What are the three ways volcanoes can occur?
Hint: Pate boundaries
- Divergent margins = Mid-ocean ridges
- Convergent margins = Subduction zones
- Intraplate = Hot spots
What happens at volcanoes at divergent margins?
Divergent margins or “spreading centres” were plates move apart.
As plates spread apart, primitive basaltic (50% silica) magma rises and erupts to fill the gap.
The ridge axis is offset by many transform faults, and its shape is controlled by the spreading rate.
E.g Mid-Atlantic 2.5cm/yr and East Pacific Rise, 20cm/yr.
What is the main mechanism to produce new crust?

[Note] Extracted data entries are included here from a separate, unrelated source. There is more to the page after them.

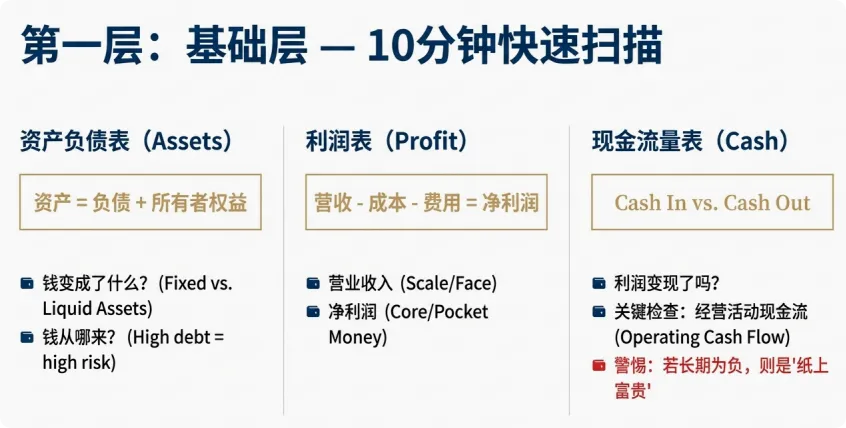 小结: 基础层是定性了解。通过三张表,你大概能知道这是一家重资产还是轻资产公司,生意赚不赚钱,现金流是否健康。
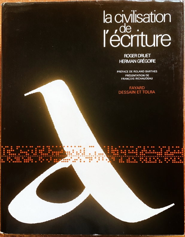 25. (NOORDZIJ, Gerrit). DRUET, Roger, & Herman GRÉGOIRE La civilisation de l’écriture. Préface de Roland Barthes. Présentation de François Richaudeau. Parijs, Fayard Dessain Tolra, 1976. 32 x 25 cm. Linnen met stofomslag. 312 p. Rijk geïllustreerd. Oranjebruine steunkleur. 1e druk. Omslag met lichte slijtsporen, verder mooi.
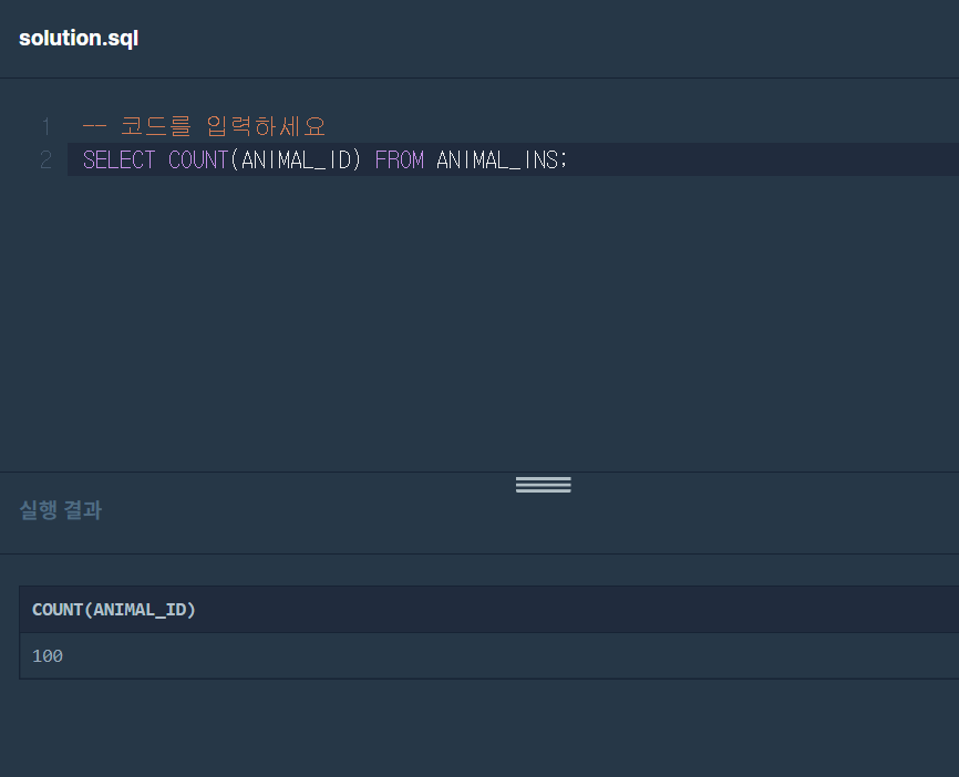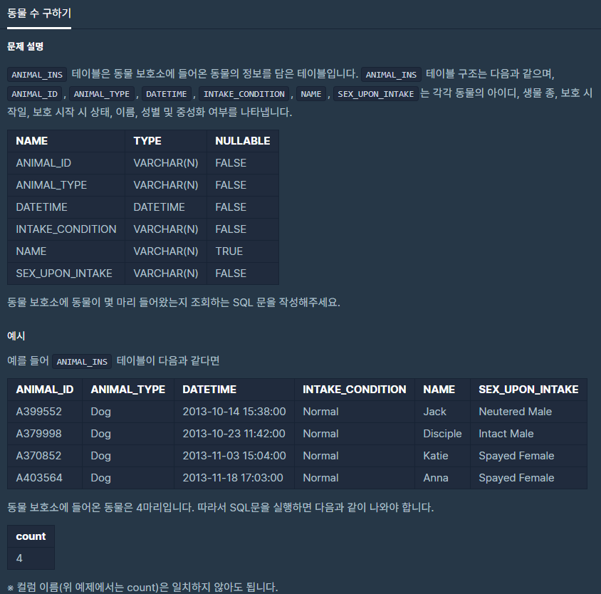 이 문제는 보호소에 들어온 동물의 수를 나타내는 SQL문을 작성해야 하는 것으로 보여진다.

Mid-Ocean Ridge volcanism is the main mechanism by which new crust is formed.
E.g oldest continental crust = 4 billion years old
E.g oldest oceanic crust = 200 million years old
How long do Mid-Ocean Ridges extend around the Earth?
> 65,000km
What type of volcanism is present at divergent margins (mid-ocean ridges)?

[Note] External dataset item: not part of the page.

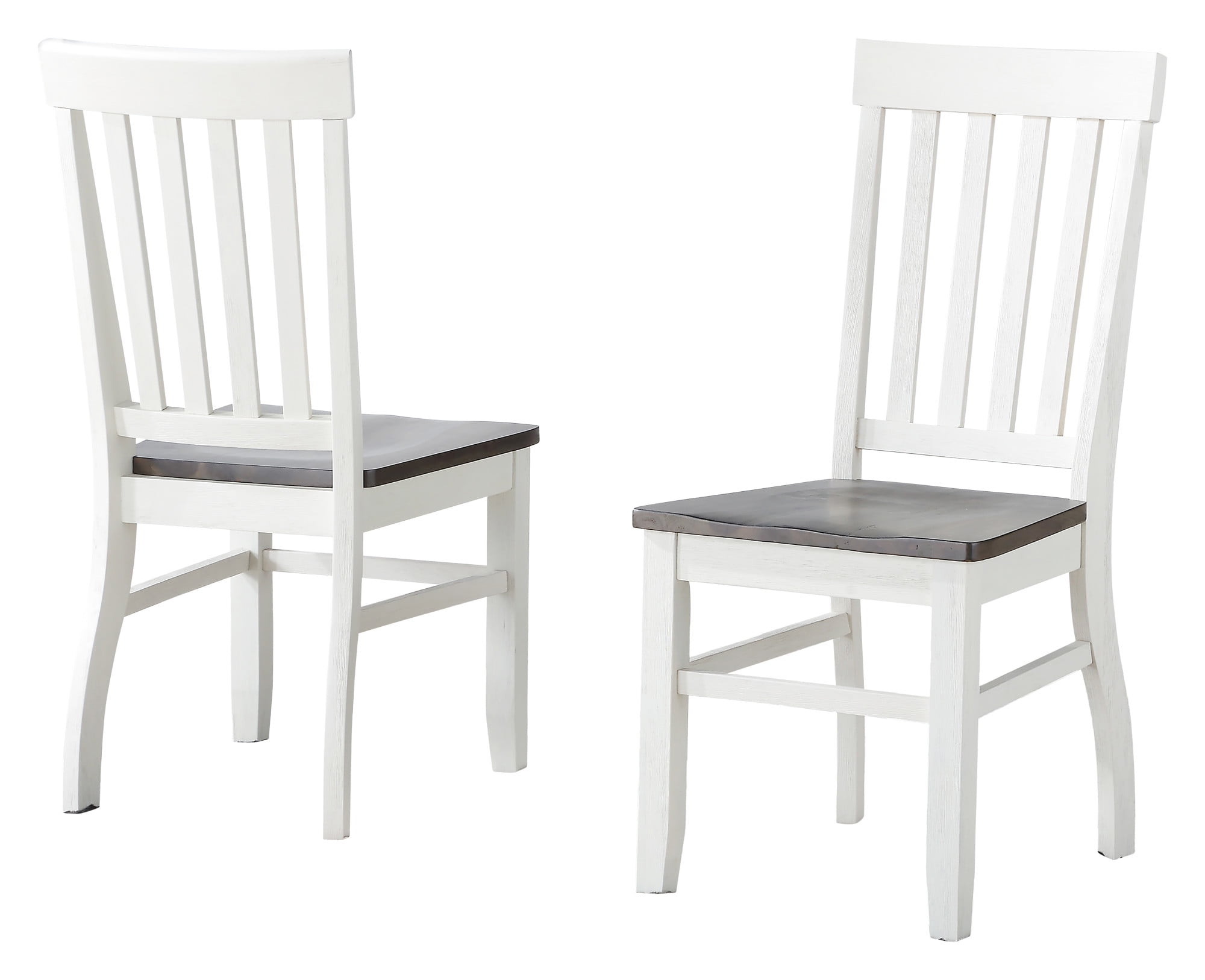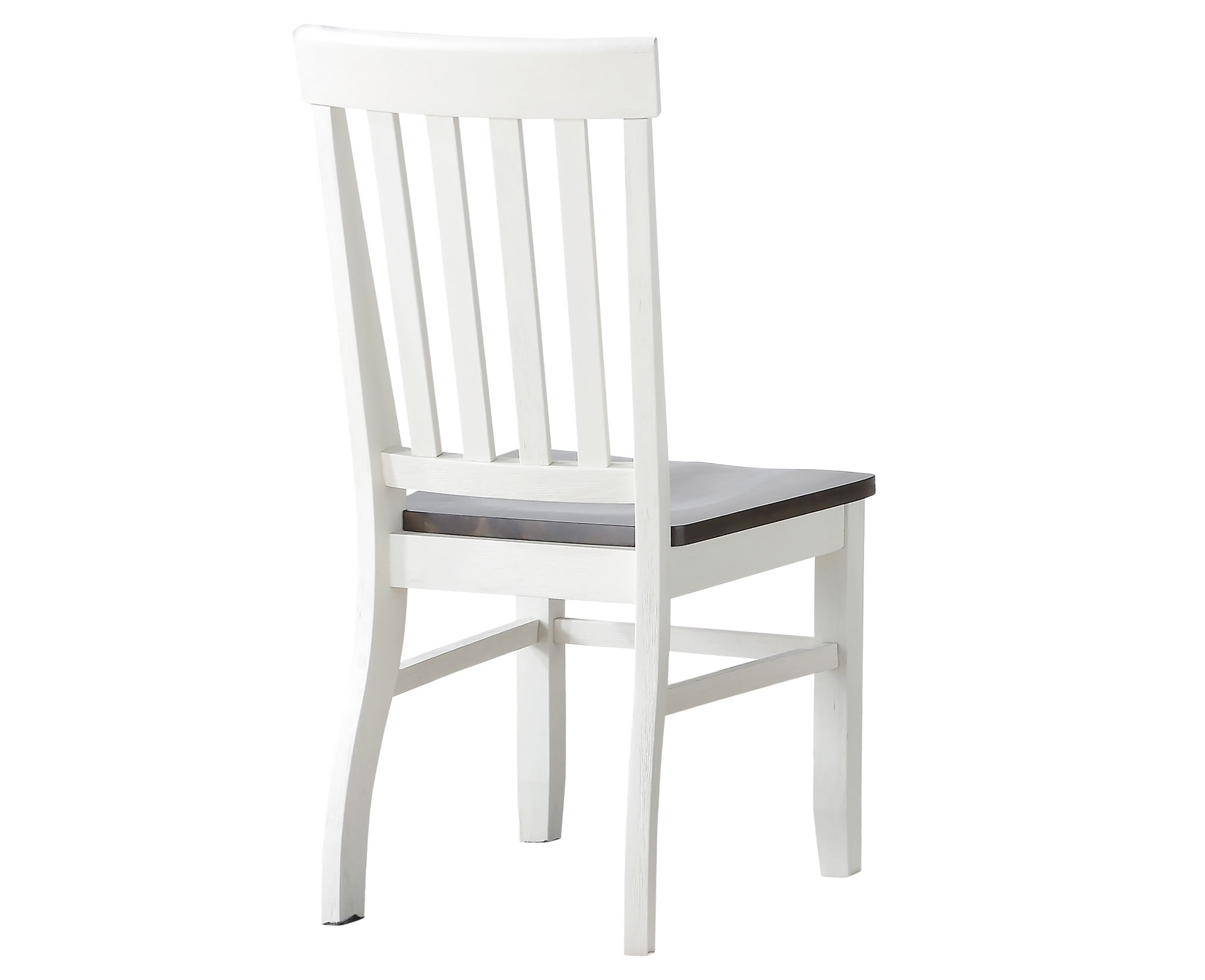 Two-tone ivory and driftwood finish School house styling Solid wood seat Scooped seat for comfort Tapered legs Vertical slat back

Volcanism is generally EFFUSIVE (not explosive), producing voluminous basaltic lava flows and pillow lavas.
Where are the Mid-Ocean Ridge systems located?
Most of the MOR system is > 2000m below sea level.
EXCEPT for Iceland, where it goes onshore.
What happens to volcanoes at convergent margins (subduction zones)?
When plates collide, the denser of the two may dive below the other creating a TRENCH, ahead of a VOLCANIC ARC, and backarc basin.
The subducting slab is subject to heating and dehydration reactions that cause MELTING.
Melt ascends because of its LOW density, but only a small amount makes it to the surface.
This can create a continental or island ARC.
Where can you find convergent volcanoes and continental arc?
A continental arc is found in the Andes of South America.
The chain of stratovolcanoes are all generated by the subduction of the Nazca Plate below the South American Plate.
A volcanic arc is also seen in NZ which includes TVZ and the Kermadec arc.
What type of magma do subduction zones/convergent margins produce?
They generate a wide variety of magma, ranging from basalt (50% silica) to rhyolite (75% silica).
What happens to volcanoes at intraplate (hot spots) regions?
Away from plate boundaries, there are anomalous mantle plumes.
Magma generated by the mantle plumes rises through the crust to erupt at a “hot spot” on the Earth’s surface.
Tectonic plates continue to move as normal over top of the mantle plume, so the hot spot remains stationary while the plate moves.
Resulting in ISLAND/VOLCANO CHAINS.
What are mantle plumes?
Mantle plumes are regions of particularly hot, upwelling mantle/magma.
Where is an example of a hot spot?
Hawaii volcanism.
The Hawaiian Islands are a small part of the larger Hawaiian-Emperor Seamount Chain.
The oldest seamounts formed 85million years ago.
There is a “bend” at 50 million years.
What type of magma is present at hot spot (intraplate) volcanoes?
Mostly basaltic (50% silica) effusive eruptions forming lava flows. - Some are more explosive (fountaining).
Are hot spots only at sea?
No, there are continental hot spots such as Yellowstone (USA).
The magma type is rhyolite (75% silica), consistent with the continental setting.
Yellowstone is a “supervolcano”, capable of producing some of the most powerfully explosive eruptions on Earth.
Iceland also has a mantle plume/hot spot along with its MOR.